What the glacier couldn’t cut away is today one of the most spectacular waterscapes in North America. Smooth gray cliffs plunge into clear water that stretches to a wide, oceanic horizon; a maze of intricate coves, headlands, and islands competes for your attention with small inland lakes and occasional beaches of coarse tan sand. Wildflowers and conifers find tentative footholds. The land is so rugged and the rock is so hard that the section of the Trans-Canada Highway along Superior’s north shore wasn’t completed until 1960, and to get it done at all required a large loop inland between the small communities of Wawa and Marathon. That left over 100 miles of Superior’s finest shoreline scenery completely untouched. In 1978, 70 miles of that shoreline and over 700 square miles of the adjacent inland area were set aside as Pukaskwa National Park.

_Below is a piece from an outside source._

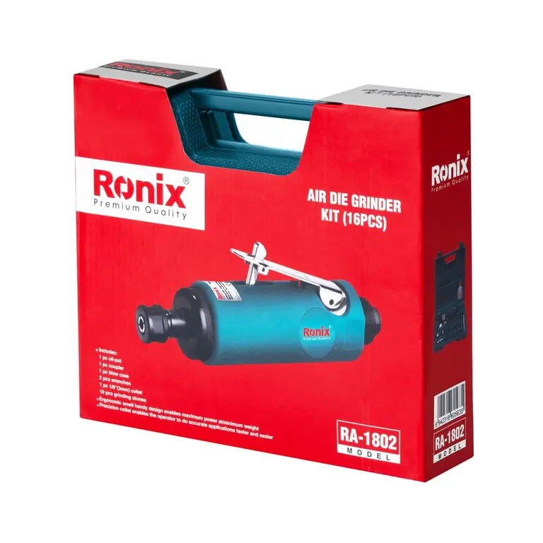 در این بین کیت فرز انگشتی بادی محبوبیت بیشتری را میان مصرفکنندگان دارد؛ چراکه با خرید آن میتوانید از سریهای مختلف قرارگرفته روی آن برای انجام طیف گستردهای از کارها استفاده کنید. مدل RA-1802، مجموعه کاملی از فرز انگشتی بادی رونیکس همراه با متعلقات کاربردی و متنوع است که در داخل یک کیف BMC مقاوم قرار میگیرند.

North Head from South Head.
Wineleaf cinquefoil, Sibbaldiopsis tridentata

There are still no roads along the Pukaskwa shore; if you want to see very much of it, you must either walk or kayak. However, there is now a road down the Pic River, at the northern boundary of the park, where drivers can touch the shore at one spot. The park’s visitor center is at the end of that road, on a granite-cupped Lake Superior embayment known as Hattie Cove. Beside the visitor center is a small campground, and fanning out from that are two trails onto a pair of the Pukaskwa’s spectacular granite headlands; an interpretive trail around a small inland lake; a short beach trail; and the northern terminus of the still-incomplete Lake Superior Shoreline Trail. So remote is the area, and so little known is the park, that the campground’s 67 sites rarely fill completely even at the height of the summer travel season.

Hattie Cove.

Melody and I arrived at Hattie Cove around 3 PM on a Friday afternoon in late August, 2014. We had our pick of the sites; the campground was only about half full. We were driving a Chevy Volt at the time – an electric car with a short battery range but an onboard gasoline-powered generator that could supply electricity to the motor when the battery ran out – so we chose a site with electrical hookups, plugged in, and went for a hike. We took a second hike the next morning, in one of the prettiest sunrises ever, before pulling up stakes with the battery not quite full and heading back to the Trans-Canada. These pictures, with captions, will let you see some of what we saw. Enjoy your visit.

Sunrise over Hattie Cove.
North from South Head.
South from South Head.
Mists playing around the narrow entrance to Hattie Cove.
Bunchberry, Cornus canadensis.

Harebell, Campanula rotundifolia.
Horseshoe Cove., early morning.

Oh, and the name? It’s pronounced PUCK-uh-saw. Don’t ask.

Hattie Cove from South Head, early morning.